His announcement falls on Veterans' Day with the CR providing a full year of funding for "veterans and farmers — and back pay for every federal worker hurt by the Democrat Shutdown," he posted on X.


Sen. Rand Paul says the process of reopening the government comes at a great cost with the waiver of PAYGO:

"Less chaos is a good thing but hidden deep in the swamp speak of the Republican bill will be a waiver of PAYGO the long-standing law requiring new spending to be offset with cuts. And so it goes, a trillion here a trillion there. $38 trillion in debt and counting. A depressing outcome."





What is Regular Order?


Speaker Mike Johnson's renewed pledge to restore constitutional regular order in budgeting highlights a fundamental dispute about the government's role, transparency, and the boundaries of federal power.


Regular order occurs when Congress passes the 12 individual appropriation bills that comprise the Federal budget. Instead, for the last 28 years — since 1997 — Congress has resolved budgeting disputes through large, single-bill funding mechanisms, known as continuing resolutions and omnibus bills.


Why Regular Order Matters?


As the country approaches day 42 of the shutdown, Rep. Thomas Massie recently reposted a 2018 video explaining how regular order prevents shutdowns, describing each appropriation bill as a financial "hostage" managed by Congress.




Massie explained that he believes there are really only five out of 12 categories of appropriation bills that are usually controversial. He argues that the CR and omnibus process give leadership more power, while regular order gives elected members more power to represent their constituents.


More member participation means citizens have genuine opportunities for oversight and input.

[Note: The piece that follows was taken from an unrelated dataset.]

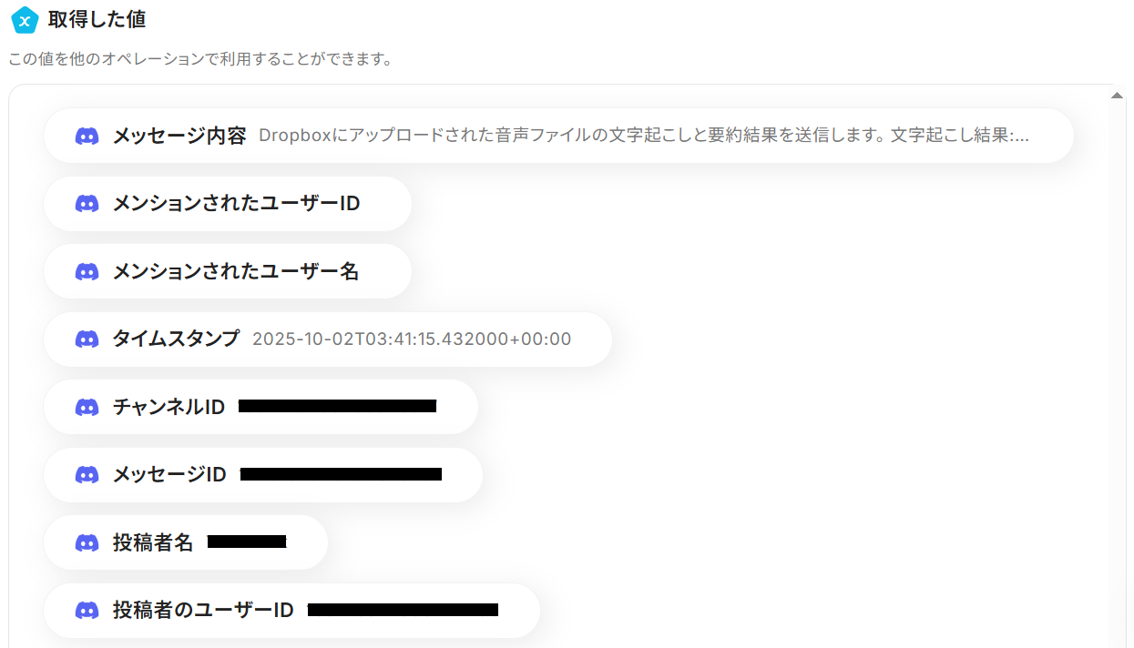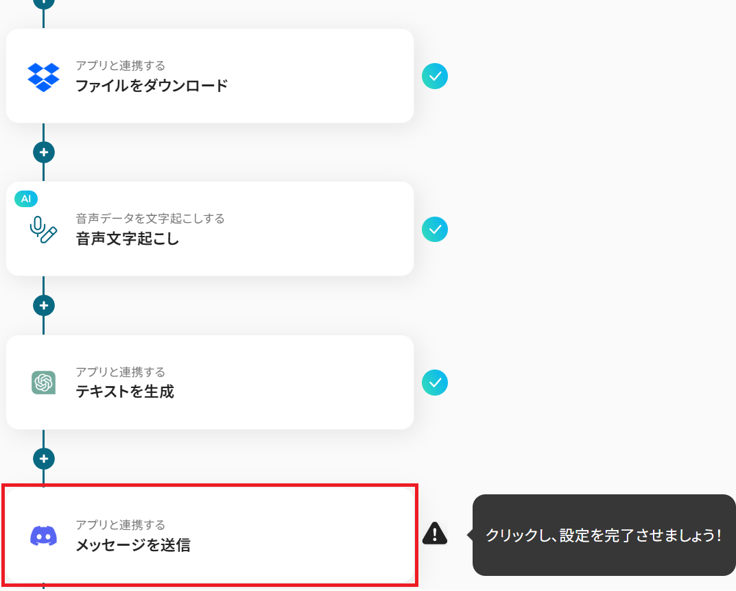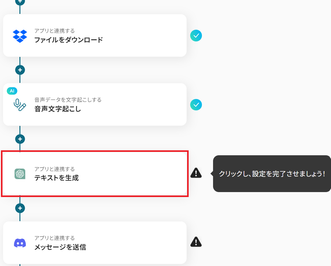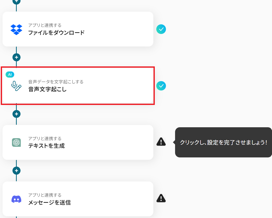 - Dropboxのトリガー設定およびアクション設定、文字起こし設定、ChatGPTのアクション設定、Discordのアクション設定

A 2020 Congressional Research Report titled "The 'Regular Order': A Perspective," largely agrees with Massie's assertions:

"Regular order is a lawmaking process that promotes transparency, deliberation, and the wide participation of Members in policy formulation. At its core… regular order meant 'that everybody gets to participate in the process' through committee activities and floor amendments." (p.1)
"Rank-and-file lawmakers have fewer opportunities 'to participate in the deliberative work of Capitol Hill' because party leaders have 'come to dominate the [policymaking] process.'" (p. 2)

Is the CR Really "Clean"?


Despite calls to restore regular order, this year's shutdown ended with another CR packed with politically targeted provisions, special privileges, and exceptions that sidestep constitutional ideals:

  • Imposes strict new bans and regulations on hemp-derived products, preempting state law and sparking bipartisan criticism, including from Sen. Rand Paul.




  • Grants lawmakers a special right to sue the government for surveillance without notification—a privilege not extended to ordinary citizens.




  • Preserves existing funding for programs like SNAP but leaves other core areas, such as Affordable Care Act tax credits, unresolved, as Democrats wanted to add $1 trillion in spending to fund them.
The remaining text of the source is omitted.